Further eigenvectors can be used to find more clusters. And spectral clustering has the ability to locate non-linear patterns in a data set.

Graph coloring

Consider the motivating example of allocating one of \(k\) different radio bandwidths to each radio station. If two radio stations have overlapping regions of broadcast, then they cannot be assigned the same bandwidth (otherwise there will be interference for some listeners). On the other hand, if two stations are very far apart, they can broadcast on the same bandwidth without worrying about interference from each other. This problem can be modeled as the problem of \(k\)-coloring a graph.

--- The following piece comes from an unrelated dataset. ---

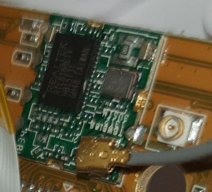 Сама камера норм. Вот ещё фотка чипа wifi - сеть держит хорошо. поток rtsp с булькающим звуком, но на карту пишет с нормальным. крепление на стену в комплекте вообще отличное. двусторонняя голосовая связь. В общем, за свою 1000 рублей на распродаже - отлично.

In this case, the nodes of the graph represent radio stations, and there is an edge between two stations if their broadcast ranges overlap. The problem then, is to assign one of \(k\) colors (i.e., one of \(k\) broadcast frequencies) to each vertex, such that no two adjacent vertices have the same color. This problem arises in several other contexts, including various scheduling tasks (in which, for example, tasks are mapped to processes, and edges connect tasks that cannot be performed simultaneously).

This problem of finding a \(k\)-coloring, or even deciding whether a \(k\)-coloring of a graph exists, is NP-hard in general. One natural heuristic, which is motivated by the right column of the spectral embeddings above, is to embed the graph onto the eigenvectors corresponding to the highest eigenvalues. Recall that these eigenvectors are trying to make vertices as different from their neighbors as possible. As one would expect, in these embeddings, points that are close together in the embedding tend to not be neighbors in the original graph.

Hence one might imagine a \(k\)-coloring heuristic as follows: 1) plot the embedding of the graph onto the top 2 or 3 eigenvectors of the Laplacian, and 2) locally partition the points in this space into \(k\) regions, e.g., using \(k\)-means, or a kd-tree, and 3) assign all the points in each region the same color. Since neighbors in the graph will tend to be far apart in the embeddings, this tends to give a decent coloring of the graph. There are semidefinite programming algorithms based on a generalization of this idea that are able to (provably) color graphs with a small number of colors.